L’autre avancée de la 5G, c’est la baisse drastique du temps de latence, qui passera en deçà de la barrière symbolique de la milliseconde, contre de 25 ms à 40 ms actuellement. De quoi concrétiser les espoirs suscités par la réalité virtuelle et la réalité augmentée.

 

« Aujourd’hui, les systèmes ne sont pas assez qualitatifs, estime Jérôme Lavigne, directeur technique digital à la Software Factory de Niji. Avec un taux de rafraîchissement plus élevé, l’immersion sera plus probante et le sentiment de nausée s’atténuera. » De quoi satisfaire Mark Zuckerberg qui, à la dernière conférence développeurs de Facebook, s’est donné cinq ans pour plonger les membres de son réseau social dans un monde virtuel à la Second Life. Avec la 5G, le Cloud gaming (jeux vidéo en streaming) devrait, selon Jérôme Lavigne, arriver à maturité et, dans un autre registre, la télémédecine gagner encore en précision.

 

La voiture autonome bénéficiera aussi des apports de la 5G, et notamment de l’ultra géolocalisation, afin d’interagir avec son environnement, qu’il s’agisse des autres véhicules, des piétons, de la signalisation routière ou des informations envoyées par le QG de la Smart City.

 

Un réseau taillé pour l’IoT

En densifiant le réseau, la 5G augmentera la couverture mettant fin – en bonne partie – aux zones blanches. La nouvelle norme sera à même de connecter un grand nombre d’objets communicants sur une même borne. Ce qui comblera les lacunes actuelles de la 4G en matière d’IoT, laissant des réseaux dédiés bas débit comme Sigfox et LoRa prospérer.

 

La bonne couverture « indoor » de la 5G permettra de collecter et d’analyser en temps réel les données émanant des compteurs intelligents de gaz, d’eau, d’électricité et de tout appareil communicant de la maison ou de l’immeuble connecté. « Un ascenseur hors service détectera lui-même la panne et remontera l’information », illustre Jérôme Lavigne.

 

Les industriels en tireront également profit. L’usine du futur sera bardée de capteurs mesurant la température, l’humidité et la pression. Sortis de leurs cages, les robots, plus autonomes, se déplaceront d’une ligne de production à une autre. La 5G favorisera aussi le pilotage à distance d’engins sur des sites sensibles où la présence humaine n’est pas requise.

 

Un autre bénéfice de la 5G, c’est sa capacité à allouer une bande passante à des utilisateurs prioritaires.
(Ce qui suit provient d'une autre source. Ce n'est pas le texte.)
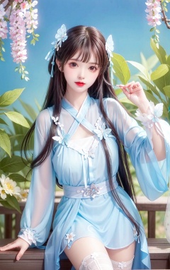 huge breast,huge breast:1.5,huge breast:1.5, hanfu,1girl, solo, dress, long hair, butterfly, brown hair, thighhighs, bug, flower, hair ornament, looking at viewer, white dress, bangs, white thighhighs, long sleeves, parted lips, butterfly hair ornament, wisteria, red lips, petals, blunt bangs, 1girl, cuteloli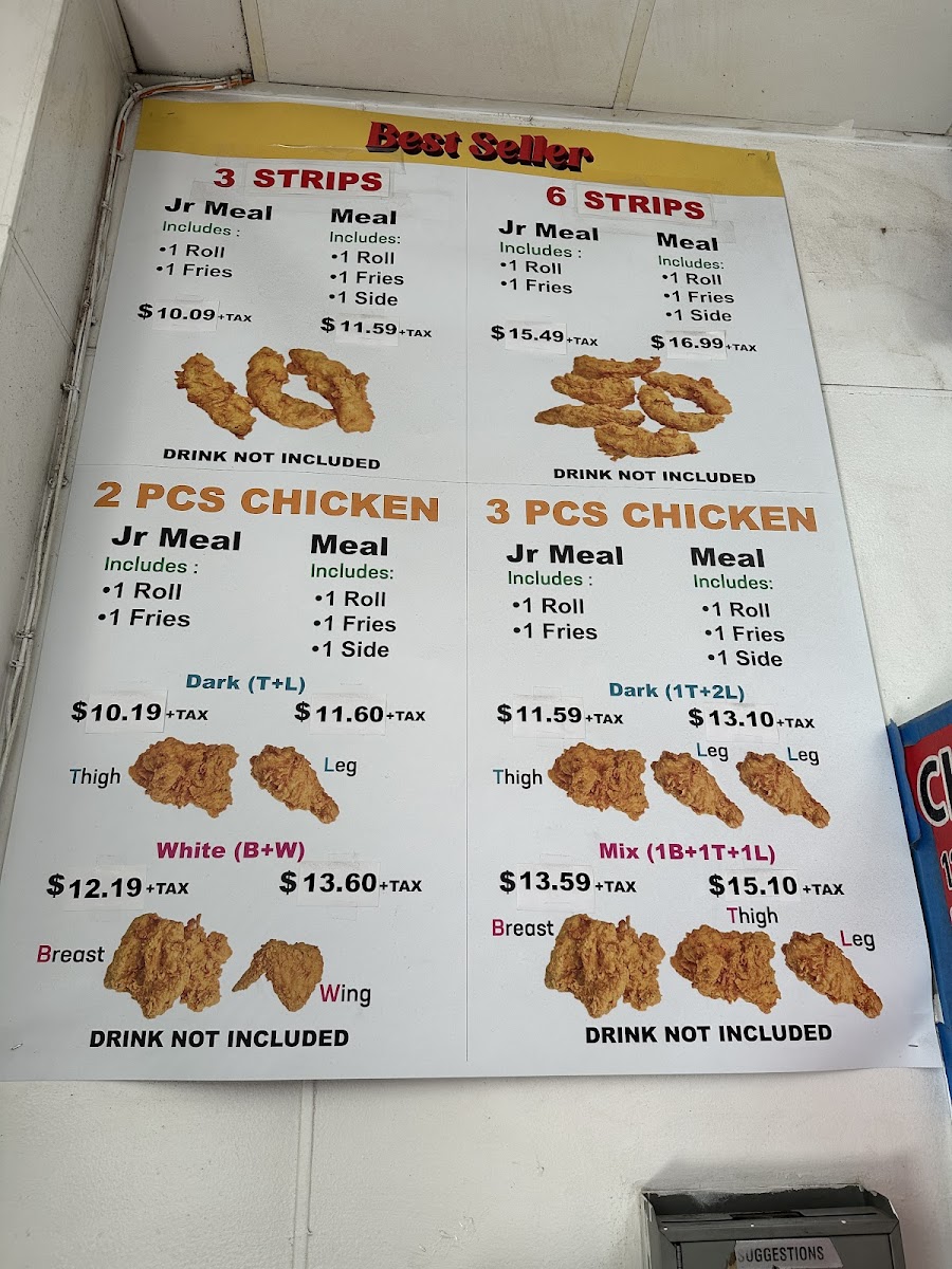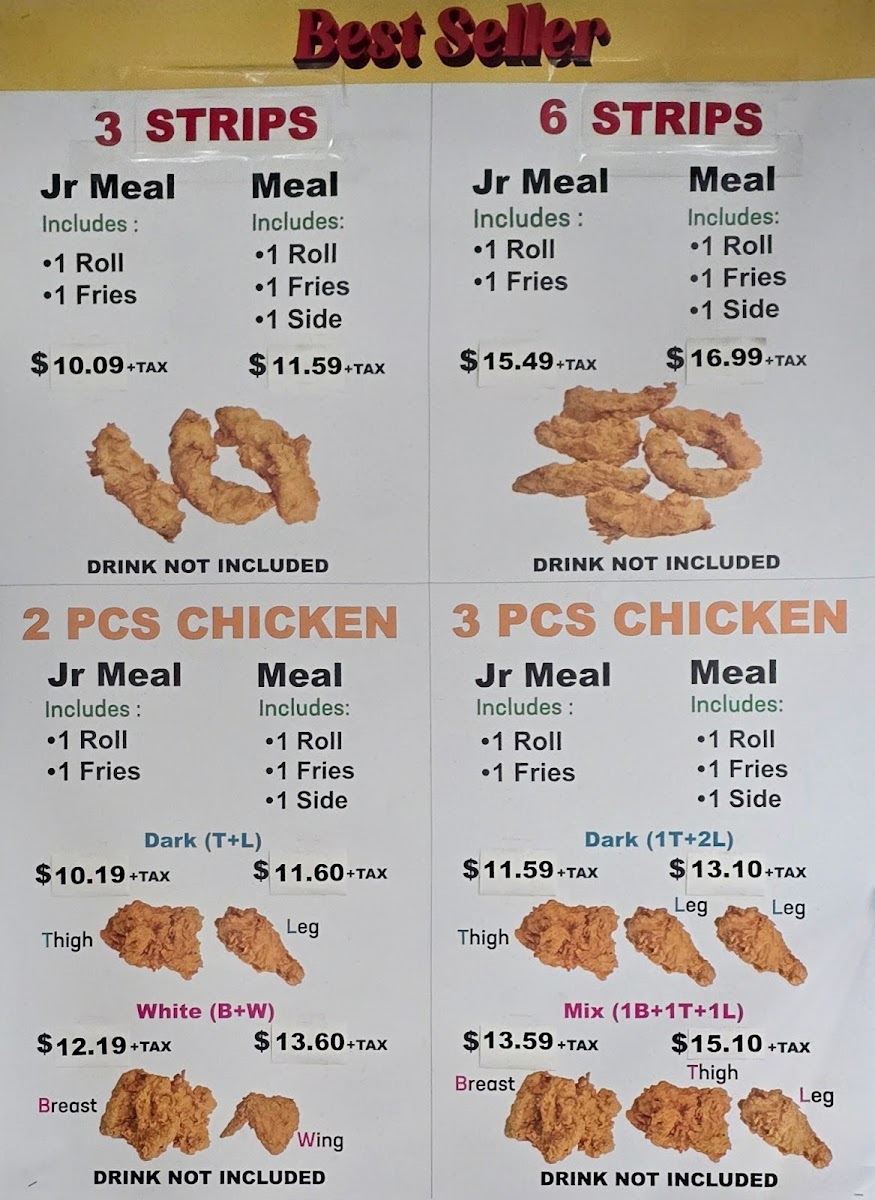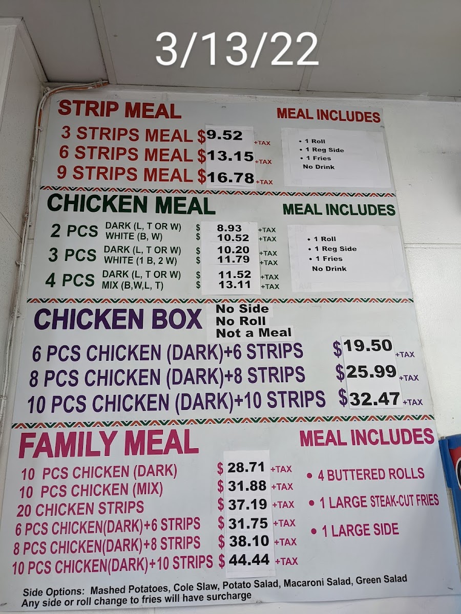 Comes with dinner roll, steak cut fries, one regular side, and four pieces.

Par prioritaires, on peut penser aux services d’urgence qui se rendent sur le site d’une catastrophe dont le réseau est saturé par le grand nombre d’appels passés par les victimes.

 

Enfin, la 5G augmentera la protection des données sensibles en offrant nativement une sécurité de bout en bout. En cas d’acte malveillant, elle permettra de scénariser la façon dont le réseau doit réagir. Comme, par exemple, couper la bande passante d’un appareil au comportement anormal.

 

Une parade aux pirates qui utilisent non plus des botnets de PC, mais d’objets connectés zombies, comme des caméras IP, pour mener des attaques en déni de service. L’hébergeur français OVH et le fournisseur de DNS américain Dyn en ont récemment fait les frais.